2. Walaupun puncak dan rukun haji ada di Arafah, namun hari-hari haji lebih banyak di Mina

3. Mari kita katakan, "Selamat tinggal Mina. Terima kasih atas segala sambutan, penerimaan, dan sesuguhan yang penuh keberkahan Allah Yang Maha Penyayang”.

4. Mohon maaf, sekeligus penyesalan, kenapa kami sebelumnya tidak kenal lebih dekat dengan Mina yang penuh keajaiban.

Selesai khutbah Jum’at, saya masuk ke tenda jamaah ibu-ibu. Dengan sedikit sungkan dan 'ragab', khutbah jum’at, wasiat sekaligus motivasi, saya ulang dan ringkaskan kandungannya kepada mereka.

Alhamdulillah, mereka fast respon. Terlihat lebih semangat, nampak antusias, terutama jamaah yang akan menjamak lemparannya karena udzur.

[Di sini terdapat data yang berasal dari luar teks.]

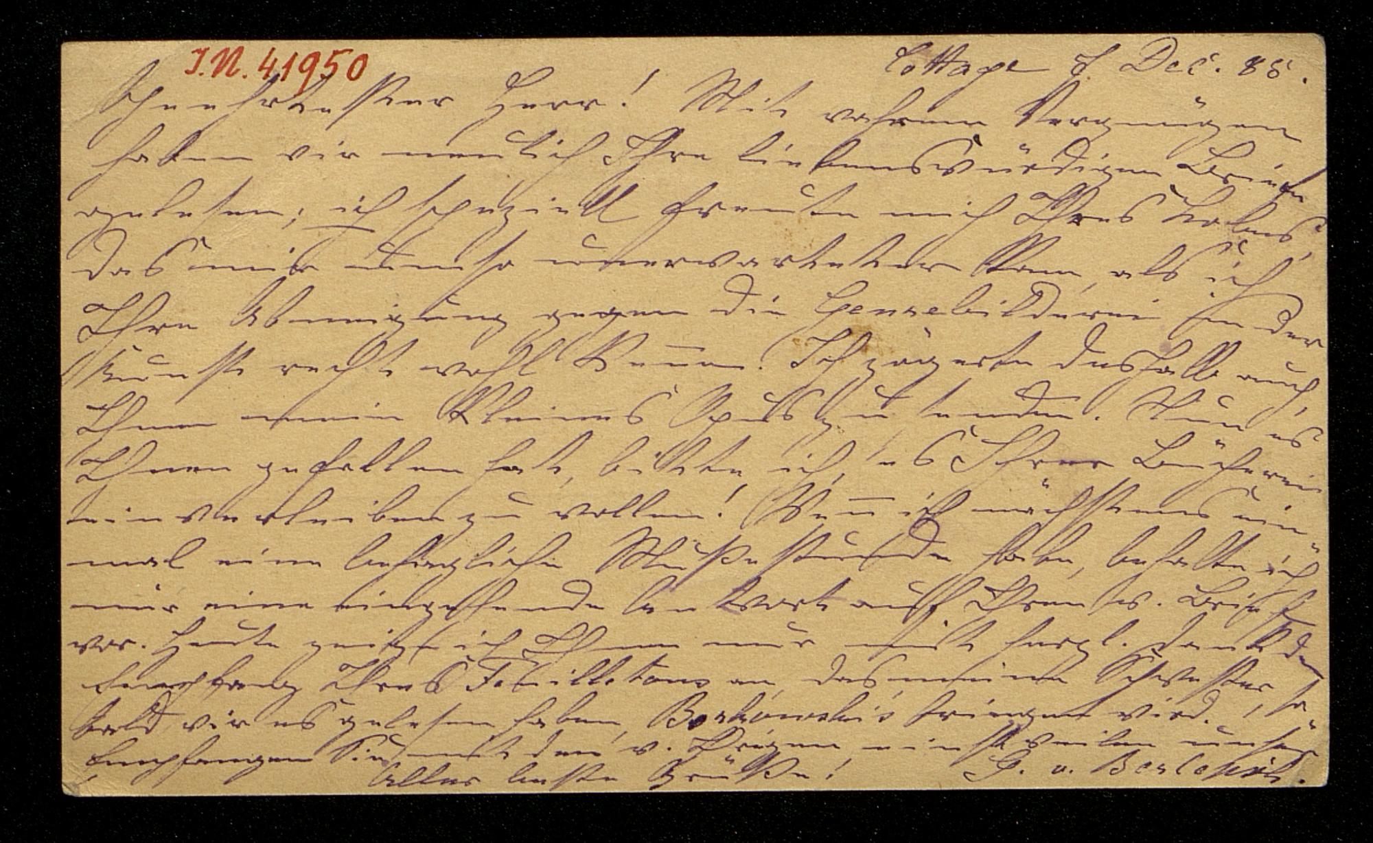 Korrespondenzkarte an Karl Debrois van Bruyck

Memang benar! Selama di Mina kami tidak merasakan kegerahan, banyak nyamuk, banyak lalat, dan kejenuhan. Ajaib.

Bahkan, di Jamarat, sekalipun jutaan kerikil terus dilemparkan oleh jutaan jamaah haji, tak membuat Jamarat menjadi tumpukan batu bak gunung-gunung di sekitar Mekah.

Konon katanya, batu itu langsung diangkat oleh Allah sekaligus tanda maqbulnya ibadah haji. SubhanaLlahi Allahu Akbar.

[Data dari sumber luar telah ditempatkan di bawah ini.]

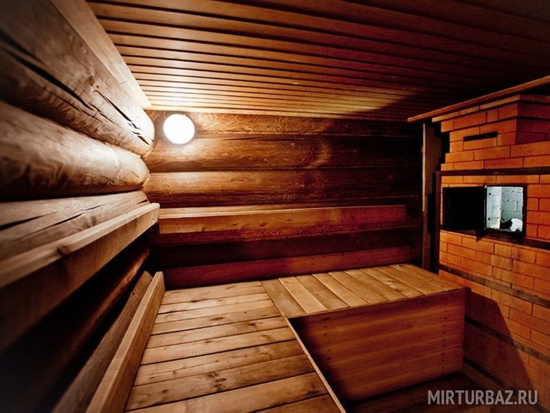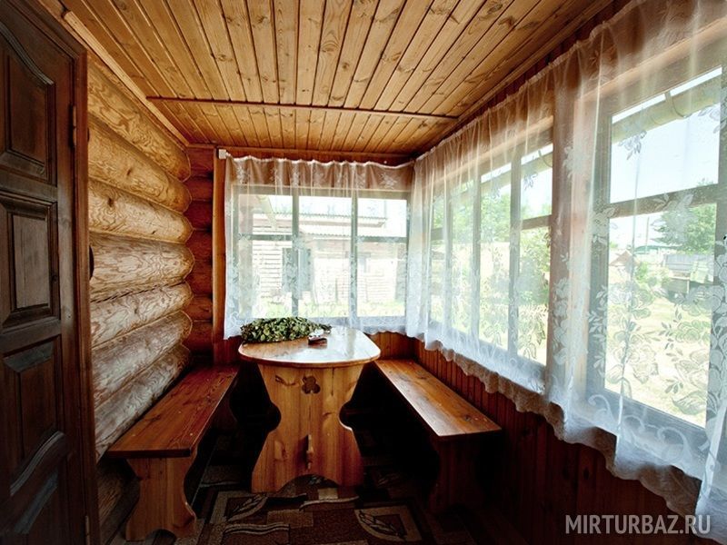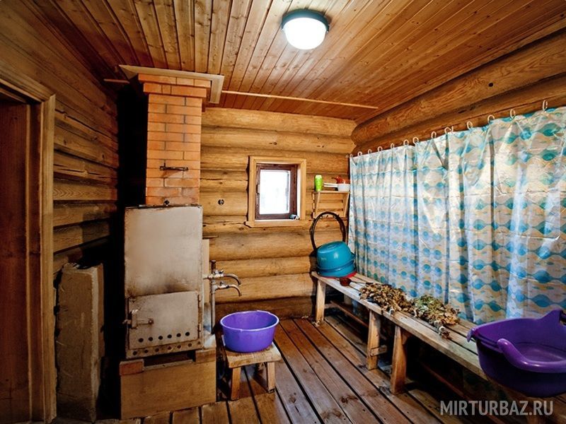 А для тех, кто любит расслабиться после пара и полежать — топчан из натурального дерева. Предоставляются берёзовые веники, шапочки, полотенца, посуду для чаепитий и застолий.

Tepat pukul 4 sore, jamaah sudah tak bisa menahan keinginan. Mereka 'kebelet' ingin segara menuju Jamarat, menuntaskan perjuangan menggapai rido Rabb-nya. Semua jamaah keluar dari tendanya masing-masing. Kami sisir khawatir ada barang tertinggal.

Saat semua sudah beres dan OK, bendera kuning hijau Persatuan Islam pun dikibarkan tanda start jihad akbar dimulai. Perlahan namun pasti, titik demi titik dilalui. Rombongam demi rombongan dari semua penjuru negeri larut dalam barisan dengan tujuan yang sama dan pasti.

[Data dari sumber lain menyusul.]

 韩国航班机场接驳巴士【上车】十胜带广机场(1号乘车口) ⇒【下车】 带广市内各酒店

Tibalah di tempat yang sangat ditunggu-tunggu dan dinanti. Tiga jamrah yang kokoh, tegar, dan sakral tampak pada pelupuk mata. Akhirnya, dengan posisi: Kabah pada bagian kiri badan kami, dengan kumandang takbir yang emosional, haru, dan bahagia, membarengi setiap lemparan lemparan kerikil kami.

Allahu akbar. Allahu akbar. Allahu akbar. Menangis bahagia. Sangat bahagia. Karena kami sampai pada akhir perjuangan dengan selamat.

Semua anggota kami yang tercecer akhirnya kembali berkumpul. Semua larut dalam kebahagiaan. Saling berpelukan. Meminta maaf. Dan tentu saja saling mengucap selamat.

Terakhir. Pandanglah foto di bawah ini. 3 wanita tangguh yang sudah sukses berjuang melakoni manasik haji secara afdhaliyah. Posisi kiri dan kanan umurnya setengah baya. Keduanya mengapit wanita usia lanjut (82 tahun) dari Mina Jadid, Jamarat, sampai hotel sektor 2 Mahbas Jin.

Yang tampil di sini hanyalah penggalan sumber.